Worldwide server revenue fell 30.1% in the quarter from the same period last year to $9.8 billion, the lowest level since IDC started tracking the market on a quarterly basis in 1996. The drop was the fourth consecutive quarterly decline.
Competing research firm Gartner also reported a big drop in server revenue, 29.4% year-to-year to $9.7 billion. Shipments fell 28% to 1.7 million units.
But IDC saw signs that the market was stabilizing. With manufacturers shipping fewer servers over the last four quarters than at any time since 2005, customers were holding on to a lot of aging systems that would have to be replaced in the near future.

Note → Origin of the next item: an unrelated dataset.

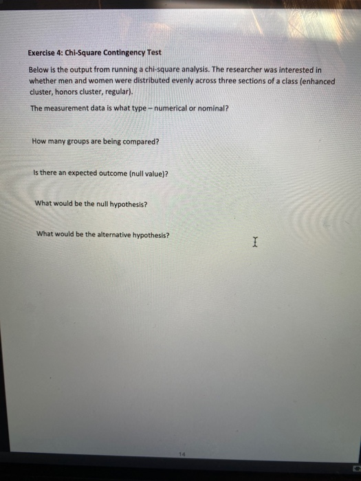 Solved Exercise 4: Chi-Square Contingency Test Below is the | Chegg.com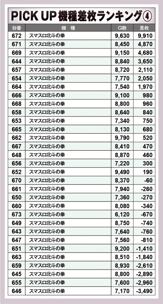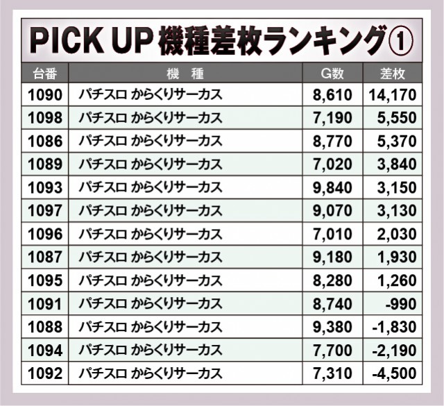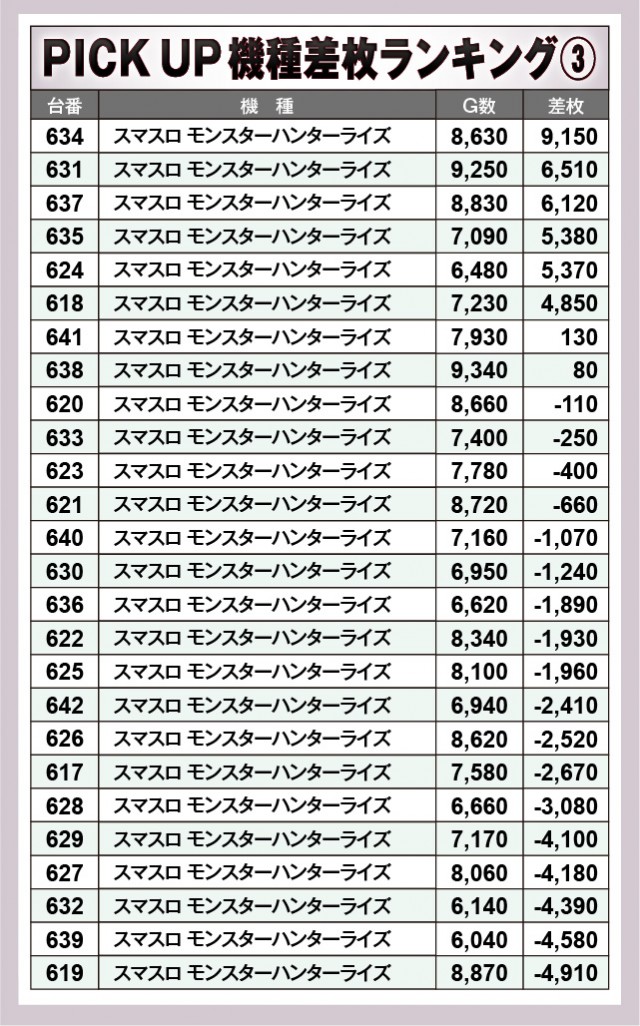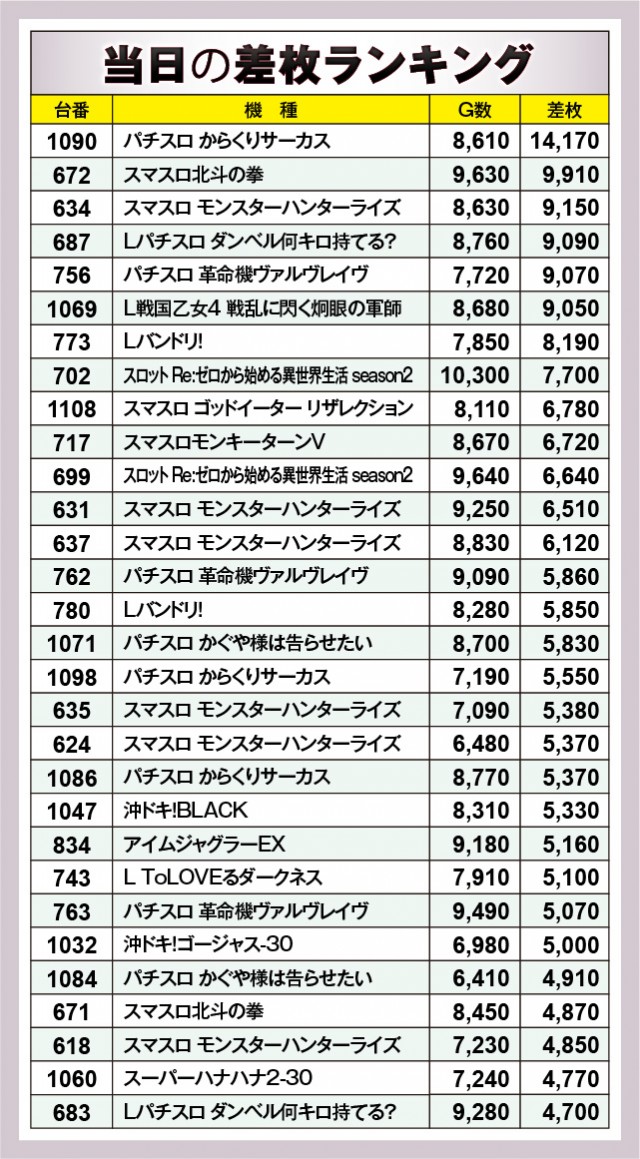 優秀機種=当日のTOP30台と言っても過言ではない内容で、いずれも高い活気と熱気を披露しているのが印象的だ。万枚OVERを達成した『パチスロ からくりサーカス』はまとまった出玉を確保しており、『Lパチスロ ダンベル何キロ持てる?』『スマスロ モンスターハンターライズ』『スマスロ北斗の拳』も同様と言える。いずれの台も高いポテンシャルを秘めており、ファンはレバーオンに力が入っていったはずだ。

"In the weeks and months ahead, IDC believes that IT customers around the globe will begin to focus on the future once again, making strategic compute platform decisions for the next business cycle, and driving more predictable server demand as market conditions stabilize in the second half of 2009," Matt Eastwood, group VP of Enterprise Platforms at IDC, said in a statement released late Tuesday.
In the meantime, every segment of the server market -- x86, Unix and Linux -- saw declines in sales in the second quarter. All the top five vendors experienced year-to-year double-digit declines in revenue, according to both analyst firms. Gartner, which released its numbers Wednesday, reported that shipments also fell by double digits for each of the vendors.
In terms of revenue, IBM continued to lead the pack, followed by Hewlett-Packard, Dell, Sun Microsystems and Fujitsu/Fujitsu Siemens, respectively. In terms of unit shipments, HP led, followed by Dell, IBM, Sun and Fujitsu/Fujitsu Siemens, respectively, Gartner said.